Ello produce todo un mundo de vivencias características, como aquella que relaciona la
autoestima con la estética corporal, el interés por la indumentaria o el erotismo y, como
un molesto ruido de fondo, la perspectiva de la muerte.
La segunda parte de la definición habla del hombre como un ser racional. Este
concepto requiere de algunas precisiones técnicas que vamos a considerar un poco más
adelante. Permítanme, entonces, poner en su lugar otra expresión que, en realidad, está
en la raíz misma de la racionalidad: vamos a decir que el hombre es un ser espiritual.
Ante todo: ¿qué es un espíritu? Es un ser que existe sin dependencia de la materia, en
otras palabras, algo incorpóreo. En consecuencia, no es posible aplicar en ese caso las
categorías propias del mundo físico: los entes espirituales no tienen ubicación espacial
ni duración temporal, no sienten dolor, no se enferman ni mueren, no pueden ser
detectados por ningún artefacto ya que su existencia no implica ninguna huella o rastro
visible. Pero entonces, ¿de qué estamos hablando? ¿De ángeles, demonios, fantasmas,
duendes? Los ángeles y los demonios son, en efecto, espíritus puros, si bien solo gracias
a la fe sabemos que existen. Los fantasmas y duendes, desde ya, son seres puramente
ficticios. En este sentido, así como afirmamos recién nuestra afinidad con las bestias
ahora podemos hacer lo mismo con respecto a las criaturas celestiales (y a las
infernales, por desgracia).
Es comprensible que a mucha gente le cause escepticismo hablar del espíritu
como parte de la realidad, ya que, al parecer, no hay lugar para este tipo de seres fuera
de las creencias religiosas o de los cuentos infantiles. Pero, si sostenemos que el hombre
es un ser espiritual, es sobre la base de una experiencia tan firme como la que da cuenta
de su corporeidad. Esa experiencia nos enseña, ante todo, que, a pesar de las similitudes
entre el hombre y los demás animales, hay un abismo de diferencia que nos pone en un
nivel de superioridad ontológicamente inconmensurable con respecto a ellos. Y no hay
ningún factor de orden puramente físico capaz de explicar tamaño contraste: nuestro
ADN, nuestro sistema nervioso, no son mucho más rebuscados que el de cualquier otro
vertebrado. Hay algo más que una cuestión de cantidad o de complejidad.
Entre los rasgos que más directamente identifican al género humano está el
lenguaje. Los animales también se comunican, pero sus códigos son naturales, tanto
como lo son nuestros gritos o suspiros. El lenguaje humano es articulado (es decir,
combina símbolos primarios, que son las letras) y además convencional, fruto de la
práctica oral de cada pueblo (por eso hay tantos idiomas). Pero, he aquí lo más
interesante, las palabras tienen un significado universal: se aplican a cualquier
individuo. “Mesa” es un término que se refiere a esta o aquella mesa, a cualquiera. Y
ello es posible porque las mesas individuales son materiales y por lo tanto concretas,
mientras que los términos son abstractos, y en consecuencia inmateriales. Si no
fuésemos más que pura materia no podríamos producir signos de valor abstracto.

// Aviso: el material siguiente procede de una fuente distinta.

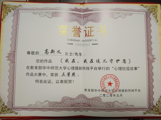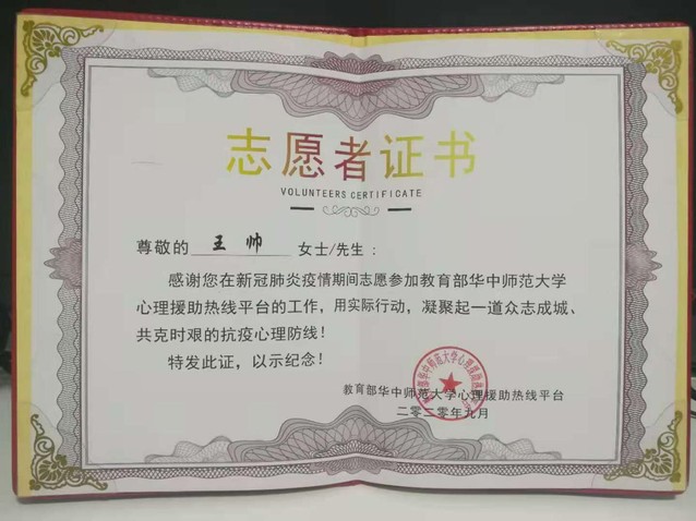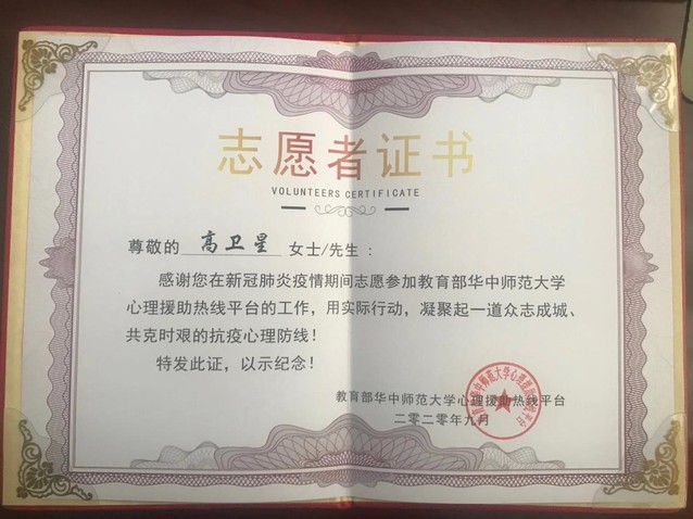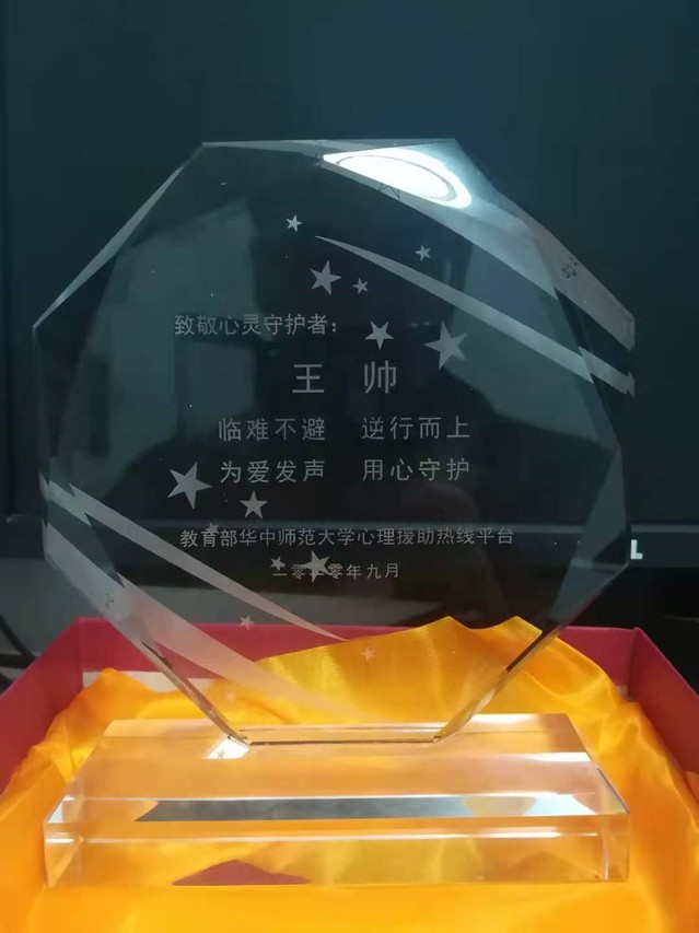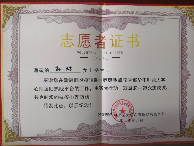 近日,教育部华中师范大学心理援助热线平台颁发了志愿者证书及“临难不避、逆行而上、为爱发声、用心守护”荣誉奖杯。色情网站 的宋玉萍教授、孙琳副教授、高新义、高卫星、王帅5位教师均获得此殊荣。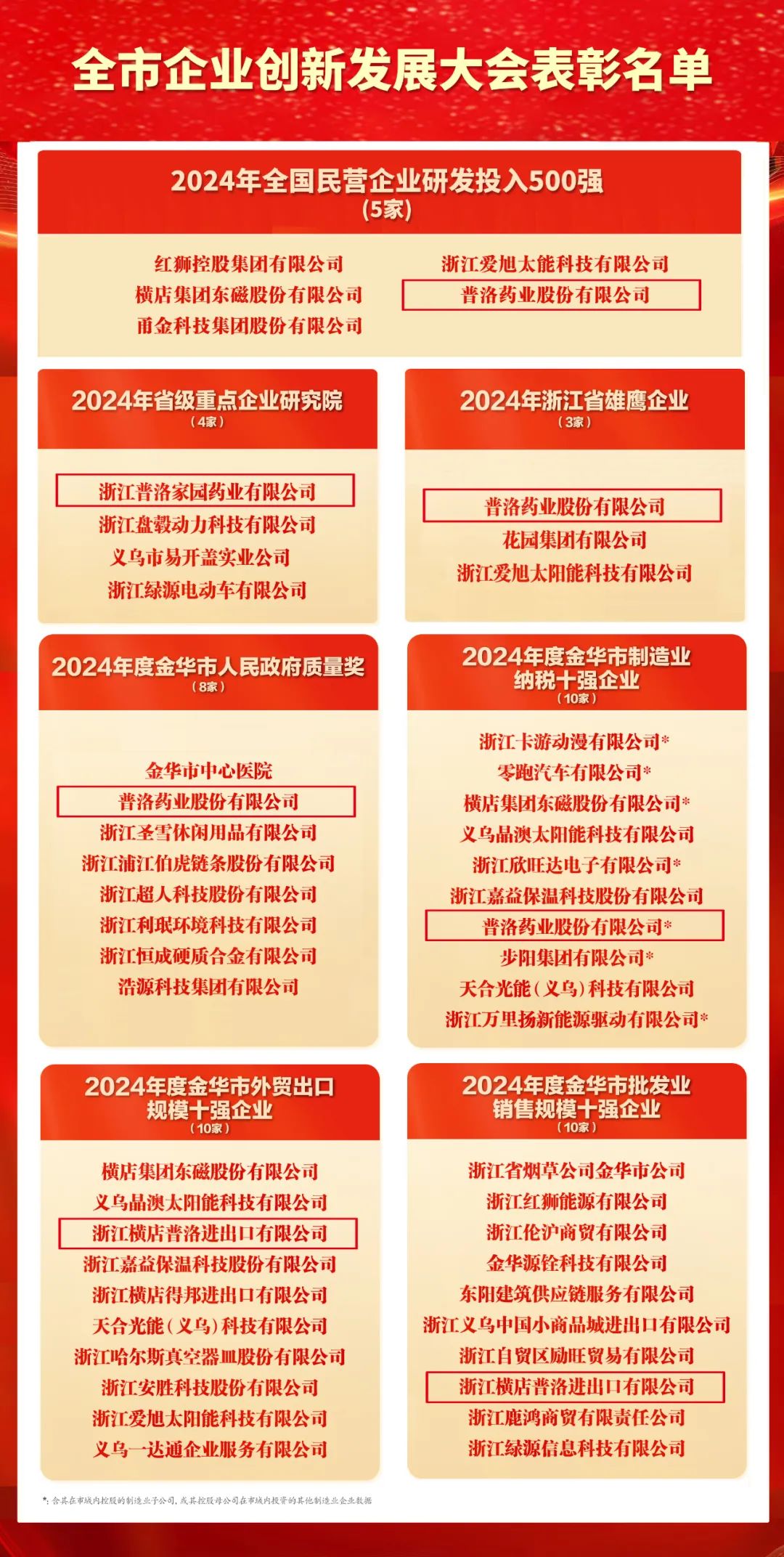 昨日(2月10日)下午,金华市企业创新发展大会在市文化中心隆重召开。为进一步推动金华市企业加大创新力度,本次大会对在经营业绩与创新发展领域取得显著成就的企业进行了表彰。会上,普洛药业再度蝉联“金华市制造业纳税十强企业”,并成功跻身多个重要榜单。公司共计荣获7项殊荣,充分展现了其持续的创新活力和强大的综合实力。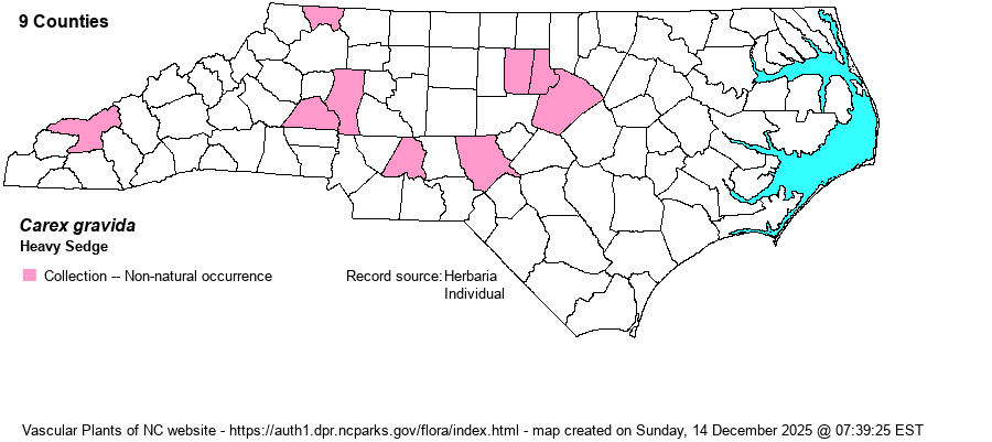 | Taxonomic Comments | The genus Carex is the largest in North America, and among the largest in the world. In temperate and boreal regions, Carex is often the dominant or co-dominant ground layer in many habitats. Seeds (achenes) are valuable food for birds and small mammals, while foliage is used by birds and mammals to make nests and as food by mammals. Species of Carex often look vastly different from one another -- spikes erect vs. drooping, tiny inflorescence vs. whopping, culms leafy vs. naked, perigynia beaked vs. beakless, stems densely bunched vs. single, etc. The genus has been divided into many sections (or groups), based on shared characters; some taxonomists have suggested that these be different genera, but that proves unworkable (so far). All Carex share the feature of a perigynium (an outer covering) which completely surrounds the achene (seed). This covering may fit tightly or loosely (like a small bladder), depending on which group or species. Details of perigynia shape, ornamentation, presence and size of beak, number of striations (or veins) are all important ID features. In recent years Rob Naczi and colleagues have stressed the importance of arrangement of perigynia -- whether spiral (3+ ranks) or distichous (2-ranked) -- and have named a number of new species as well as split off some older synonyms. Therefore, RAB's (1968) key, excellent for its time, can only be used in a general way today. Members of some sections of Carex are difficult to key out (notably Ovales, Laxiflorae, Griseae); this is in part due to variation among individuals of a species, or failings of the key. FNA has drawings of most species and some species may be found in two or more places within a key, to acount for variability. New species to NC, and new to science(!), continue to be found in NC. | |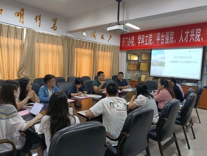 近日,经济学院在人文楼333会议室召开2022年心理健康工作专题研讨会。学院全体政工干部、校研究生兼职心理辅导员邓文娇参加了会议。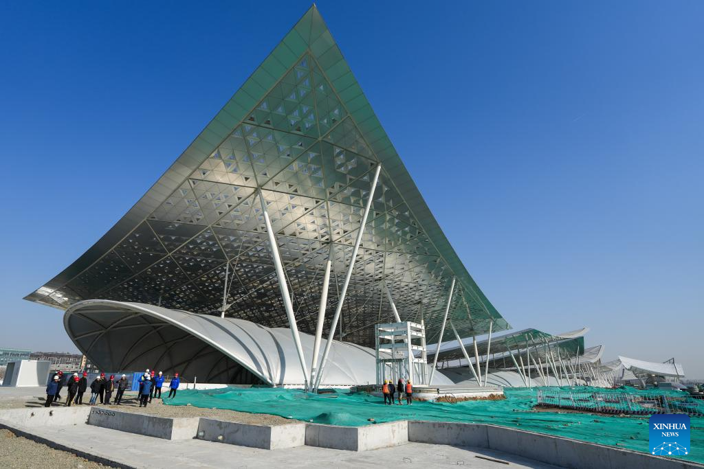 This photo taken on Feb. 26, 2025 shows the construction site of the Beijing sub-center comprehensive transportation hub in Tongzhou District, sub-center of Beijing, capital of China. The construction of the Beijing sub-center comprehensive transportation hub, Asia's largest underground transportation complex, is proceeding smoothly. The hub will link cross-regional and intercity railways, and several metro lines when completed as scheduled by the end of 2025. (Xinhua/Ju Huanzong)

Si miramos más en profundidad descubriremos que el hombre no solamente ha
modelado las ondas sonoras para convertirlas en palabras, sino que su iniciativa ha
transformado enteramente la naturaleza: el cultivo de la tierra, la crianza de animales, la
construcción de viviendas y caminos, la manufactura de vestimentas, muebles,
máquinas y medicamentos de todo tipo, representan un modo de resolver sus
necesidades vitales que trasciende el mero instinto de la caza o la fabricación de un
nido. Y hasta tal punto el hombre ha sido capaz de dominar el mundo, que se ha dado el
lujo de combinar la utilidad con el buen gusto: además de conseguir alimento y abrigo,
decora la mesa y se viste con elegancia. Por supuesto, estamos hablando de la técnica,
uno de los temas centrales de nuestra asignatura. Por eso es tan importante hablar del
hombre para entender lo que es la técnica.
Ese dominio, por otra parte, le otorga al hombre un beneficio del que ningún
otro animal dispone: el tiempo libre. Y aunque algunos digan que el ocio es la madre de
todos los vicios, lo cierto es que gracias a él existen la pintura, la música, el cine y los
libros. Los remito a las consideraciones que hicimos en la unidad anterior sobre la
íntima conexión entre ocio y vida espiritual.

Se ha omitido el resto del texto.